Reduced GATA1 nuclear localization alters transcription and mimics R307C/H mutants

Given the largely preserved protein interactions, and although we cannot exclude altered interactions at individual loci, we assessed whether specific sequence motifs in the IDR may be disrupted by the mutations. We noted that the GATA1 R307C/H mutations partially disrupted a predicted nuclear localization signal55 and observed that this mutation resulted in ∼40% reduction of GATA1 in the nucleus and increased GATA1 retention in the cytoplasm (Figure 4B-C; supplemental Figure 5A-B). To investigate the impact of reduced nuclear localization, we treated G1E-ER4 cells with increasing β-estradiol concentrations, thereby titrating nuclear GATA1 activity, as validated by changes in Ter119 expression (Figure 4D; supplemental Figure 5C-D). We then conducted RNA-seq to relate variation in nuclear GATA1 levels to R307C/H mutant transcriptional activity.
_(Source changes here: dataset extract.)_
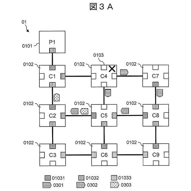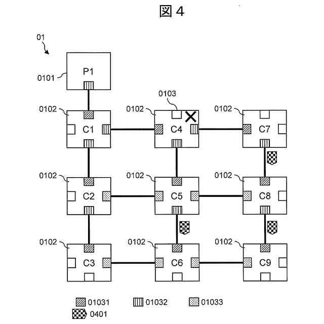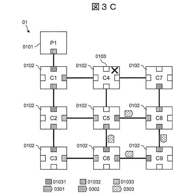 実施例1において、通信子局0102のC4が停止(メンテナンスによる意図的な停止)後の状態を示す図である。

For this comparison, we curated 2 gene sets of poorly and similarly induced genes in R307C/H compared with GATA1 WT transduced G1E cells (Figures 3 and 4E; supplemental Table 1; data supplement). Interestingly, the set of poorly induced genes was more highly transcribed at equivalent β-estradiol concentrations in G1E-ER4 cells, suggesting a higher degree of transcriptional responsiveness to GATA1 levels (Figure 4F; supplemental Figure 5E-G; supplemental Table 1). To estimate equivalent effect sizes, we projected the fold changes for each gene set as observed in GATA1 WT and R307C/H reconstituted G1E cells (Figure 3). This revealed the equivalent β-estradiol dose for the poorly induced gene set to be significantly lower for the R307C/H mutants (mean, 38.8 nM) compared with GATA1 WT (59.5 nM; Figure 4F). Considering all differentially expressed genes, R307C/H transduced G1E cells also showed greater correlation at lower β-estradiol concentrations (Figure 4G). Therefore, alterations of nuclear GATA1 levels may explain some of the observed changes in gene expression in R307C/H cells, although this is unlikely to fully explain the distinct transcriptional effects observed for different groups of GATA1 target genes (supplemental Figure 5G), some of which are more highly upregulated in R307C/H mutant reconstituted G1E cells (Figure 3D; cluster K3).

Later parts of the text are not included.